Improving user experience : AB Testing changes
We will be using statistical tools to validate improvements in the retention rate of our app
In this post we will find out how to choose the best location for multiple capacitated facilities given a set of points of interest
Code and data used: https://github.com/davbom97/source
The capacitated multi-facility location problem is an extension of the single facility problem to n facilities simultaneously.
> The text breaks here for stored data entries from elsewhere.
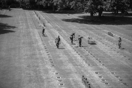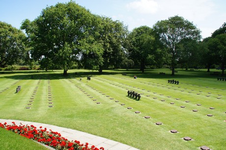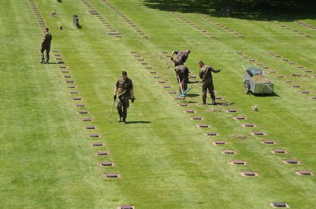 Auf dem größten US-Friedhof gibt es 70.000 Gräber. Auf dem deutschen Friedhof gilt es ca. 70 Hektar umzugraben.
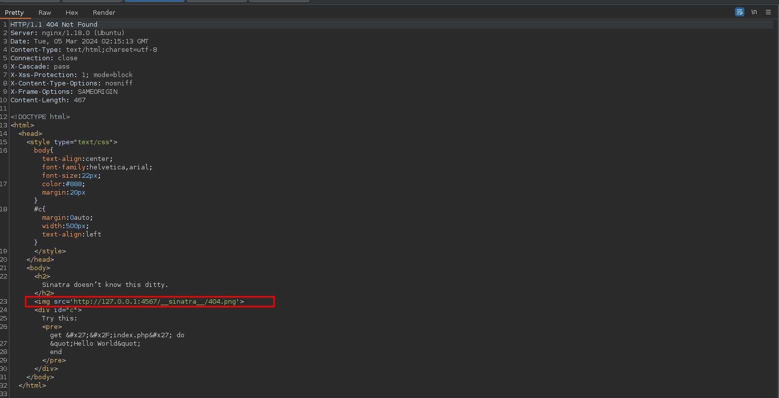 - Vemos que la esta llamando desde el localhost por el puerto 4567, veamos si existe el recurso por el puerto 80.
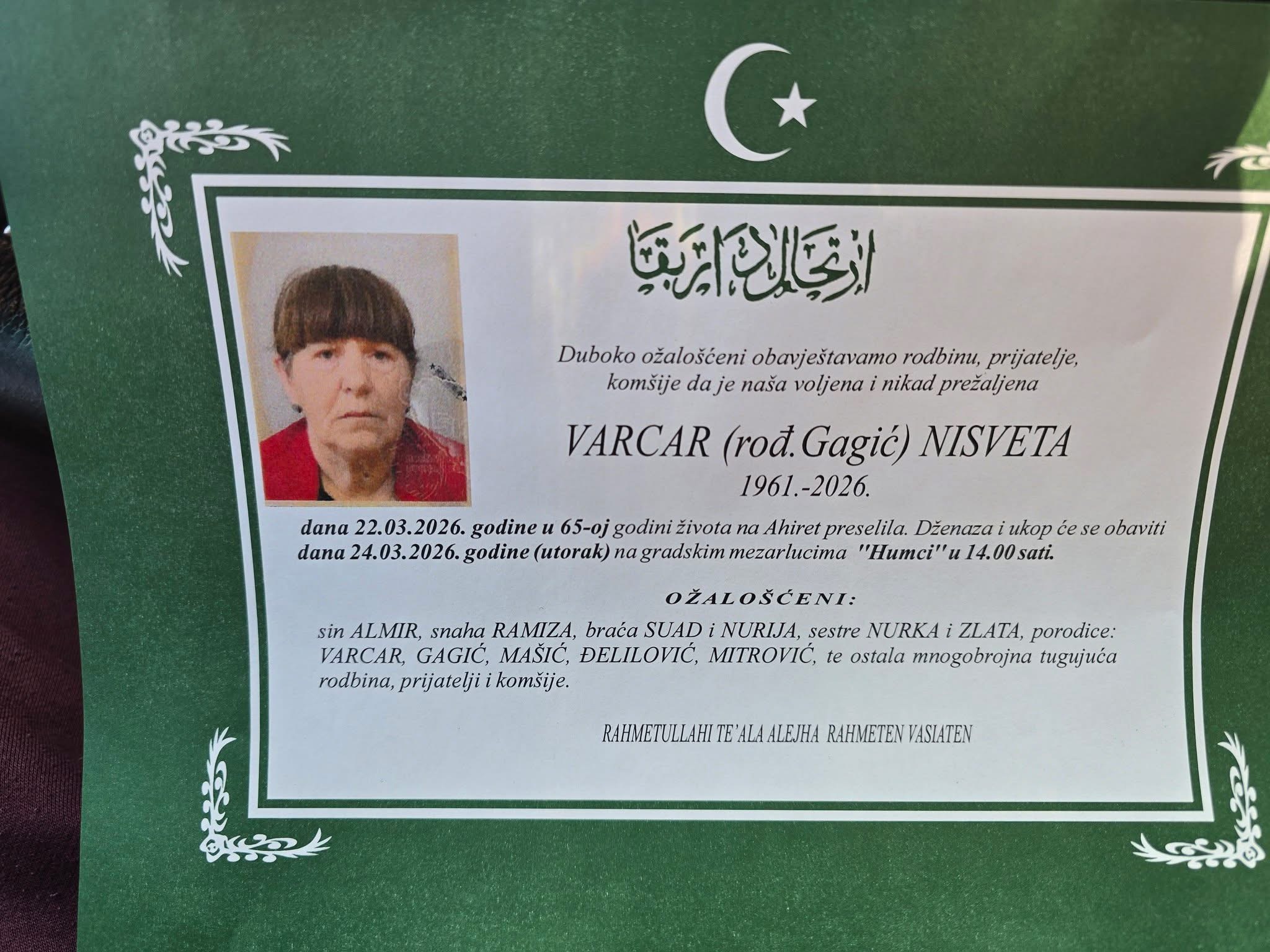 Dženaza i ukop će se obaviti dana 24.03.2026. godine (utorak) na gradskim mezarlucima „Humci“ u 14:00 sati.

In this project, the objective is to find the optimal location of multiple facilities at the same time, given a maximum output capacity, in Italy.
The hypotheses are quite the same as the single facility location problem but we dropped the hypothesis that a facility can supply infinite demand.
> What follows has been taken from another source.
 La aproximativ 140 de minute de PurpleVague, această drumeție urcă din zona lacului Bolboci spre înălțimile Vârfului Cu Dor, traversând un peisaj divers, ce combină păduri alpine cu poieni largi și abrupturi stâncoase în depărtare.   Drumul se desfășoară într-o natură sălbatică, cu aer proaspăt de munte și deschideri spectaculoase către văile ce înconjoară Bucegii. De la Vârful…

First we load the data about all the italian cities with more than 5000 population (ISTAT 2013 data)
import pandas as pd
from geopy.geocoders import Nominatim
import numpy as np
import plotly.express as px
import plotly.graph_objects as go
from sklearn.cluster import KMeans
from IPython.display import display
import time
import pickle
data = pd.read_csv("cities_data_fromMax_to5mil.csv")
display(data.head())
display(data.tail())
city_name | pop_size | lat | long | |
---|---|---|---|---|
0 | Varallo Pombia | 5004 | 45.665904 | 8.632693 |
1 | Certosa di Pavia | 5004 | 45.257015 | 9.148114 |
2 | Mistretta | 5014 | 37.929885 | 14.362873 |
3 | Santa Teresa Gallura | 5018 | 41.241377 | 9.188518 |
4 | Alzate Brianza | 5019 | 45.769778 | 9.182041 |
city_name | pop_size | lat | long | |
---|---|---|---|---|
2370 | Palermo | 657561 | 38.111227 | 13.352443 |
2371 | Torino | 872367 | 45.067755 | 7.682489 |
2372 | Napoli | 962003 | 40.835934 | 14.248783 |
2373 | Milano | 1242123 | 45.466800 | 9.190500 |
2374 | Roma | 2617175 | 41.894802 | 12.485338 |
The latitude and longitude are retrieved the same way as explained in the single facility location problem.
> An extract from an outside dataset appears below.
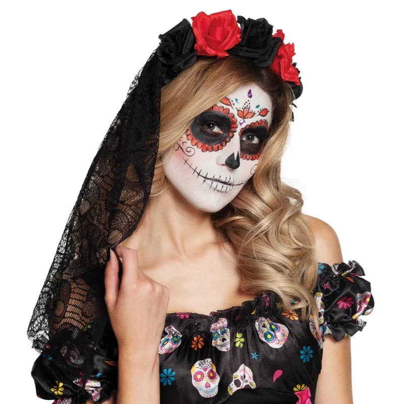 La Rosa panta, jossa on mustia ja punaisia kukkia ja huntu sopii naamiaisiin, Halloweeniin ja roolileikkeihin. Koko sopii aikuisille ja lapsille.

Next it is important to check if the data is representative, we sum all the population of the cities we are considering and divide them by the total population of Italy at that time.
np.round(data.loc[:,"pop_size"].sum()/59433744,3)
0.822
The cities represent the 82.2% of all the population of italy which is representative enough.
Suppose this time that the number of people buying our product is the 10% of the population, equally distributed across all the cities.
Then we must calculate the weight of each city by dividing the number of potential clients in each city by the total number of clients
pt_clients_perc = 0.1
clients = np.round(data.loc[:,"pop_size"].values*pt_clients_perc)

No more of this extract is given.